→ About this task:
Using the listing below, give again exactly the lines from the line with "1年生の教室の前に地域の方が" to the line with "(재)김해문화관광재단 김해서부문화센터는 경남문화예술진흥원이", inclusive, without the pictures.

→ Input:
* * * * * * *

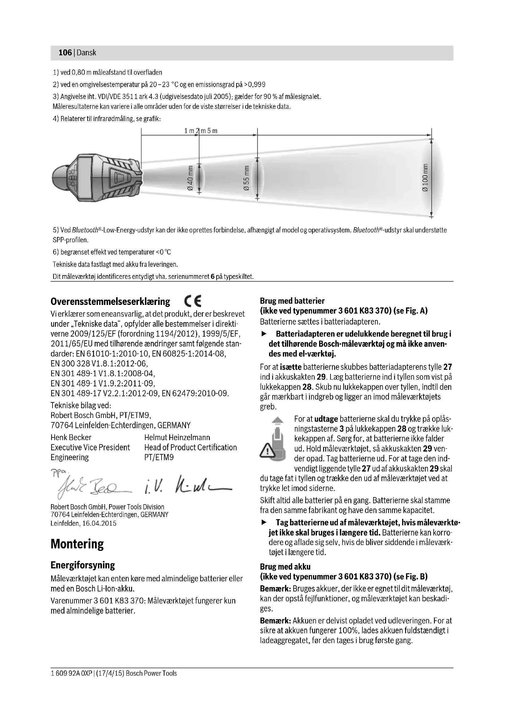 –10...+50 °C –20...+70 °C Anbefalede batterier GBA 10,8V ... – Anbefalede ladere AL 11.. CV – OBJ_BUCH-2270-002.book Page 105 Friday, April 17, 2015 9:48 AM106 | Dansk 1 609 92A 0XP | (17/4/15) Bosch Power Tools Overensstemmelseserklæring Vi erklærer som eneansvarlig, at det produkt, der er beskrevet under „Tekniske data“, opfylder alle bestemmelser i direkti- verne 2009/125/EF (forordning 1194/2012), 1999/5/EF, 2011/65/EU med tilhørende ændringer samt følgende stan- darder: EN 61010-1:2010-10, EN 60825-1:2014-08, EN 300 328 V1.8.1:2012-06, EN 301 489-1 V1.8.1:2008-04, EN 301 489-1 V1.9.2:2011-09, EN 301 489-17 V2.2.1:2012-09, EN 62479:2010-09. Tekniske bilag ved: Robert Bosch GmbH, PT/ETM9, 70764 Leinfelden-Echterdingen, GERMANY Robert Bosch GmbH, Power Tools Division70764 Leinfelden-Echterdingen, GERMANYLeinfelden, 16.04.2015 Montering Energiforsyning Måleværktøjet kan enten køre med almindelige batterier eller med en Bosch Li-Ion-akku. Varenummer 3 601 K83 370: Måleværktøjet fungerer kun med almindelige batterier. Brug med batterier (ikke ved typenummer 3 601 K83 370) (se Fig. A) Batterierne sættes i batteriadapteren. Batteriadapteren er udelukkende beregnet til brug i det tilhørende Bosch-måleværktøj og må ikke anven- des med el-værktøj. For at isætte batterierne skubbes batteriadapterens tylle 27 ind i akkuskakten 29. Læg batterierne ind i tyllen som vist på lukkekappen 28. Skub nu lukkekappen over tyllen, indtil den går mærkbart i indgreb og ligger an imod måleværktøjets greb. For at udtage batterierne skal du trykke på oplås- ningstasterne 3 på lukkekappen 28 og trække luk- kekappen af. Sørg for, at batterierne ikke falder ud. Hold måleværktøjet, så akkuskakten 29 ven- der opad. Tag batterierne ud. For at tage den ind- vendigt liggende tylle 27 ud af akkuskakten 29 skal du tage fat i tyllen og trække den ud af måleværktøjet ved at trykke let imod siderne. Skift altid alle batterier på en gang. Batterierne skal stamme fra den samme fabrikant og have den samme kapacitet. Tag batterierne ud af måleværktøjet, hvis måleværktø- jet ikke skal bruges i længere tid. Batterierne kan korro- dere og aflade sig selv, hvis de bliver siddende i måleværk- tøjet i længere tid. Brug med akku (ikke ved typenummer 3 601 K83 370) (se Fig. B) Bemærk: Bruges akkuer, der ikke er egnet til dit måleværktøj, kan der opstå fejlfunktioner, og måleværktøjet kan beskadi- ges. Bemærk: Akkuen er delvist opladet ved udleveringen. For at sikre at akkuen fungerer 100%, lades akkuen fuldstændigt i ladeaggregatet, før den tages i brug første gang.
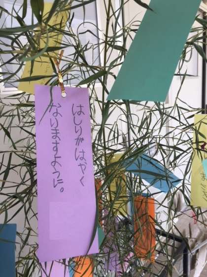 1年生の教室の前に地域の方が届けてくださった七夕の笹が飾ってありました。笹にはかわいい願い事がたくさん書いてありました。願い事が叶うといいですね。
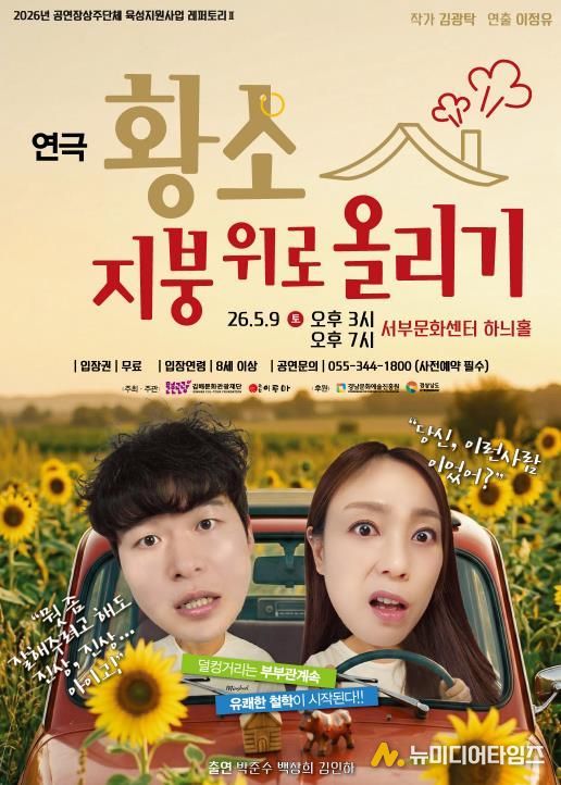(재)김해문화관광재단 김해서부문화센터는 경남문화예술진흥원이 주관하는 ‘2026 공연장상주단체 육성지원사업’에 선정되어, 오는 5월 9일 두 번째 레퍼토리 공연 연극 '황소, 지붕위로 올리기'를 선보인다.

* * * * * * *

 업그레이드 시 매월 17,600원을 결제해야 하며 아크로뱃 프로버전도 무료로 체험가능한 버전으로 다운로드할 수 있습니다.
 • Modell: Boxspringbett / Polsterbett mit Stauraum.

* * * * * * *

→ Task solution:
 1年生の教室の前に地域の方が届けてくださった七夕の笹が飾ってありました。笹にはかわいい願い事がたくさん書いてありました。願い事が叶うといいですね。
(재)김해문화관광재단 김해서부문화센터는 경남문화예술진흥원이 주관하는 ‘2026 공연장상주단체 육성지원사업’에 선정되어, 오는 5월 9일 두 번째 레퍼토리 공연 연극 '황소, 지붕위로 올리기'를 선보인다.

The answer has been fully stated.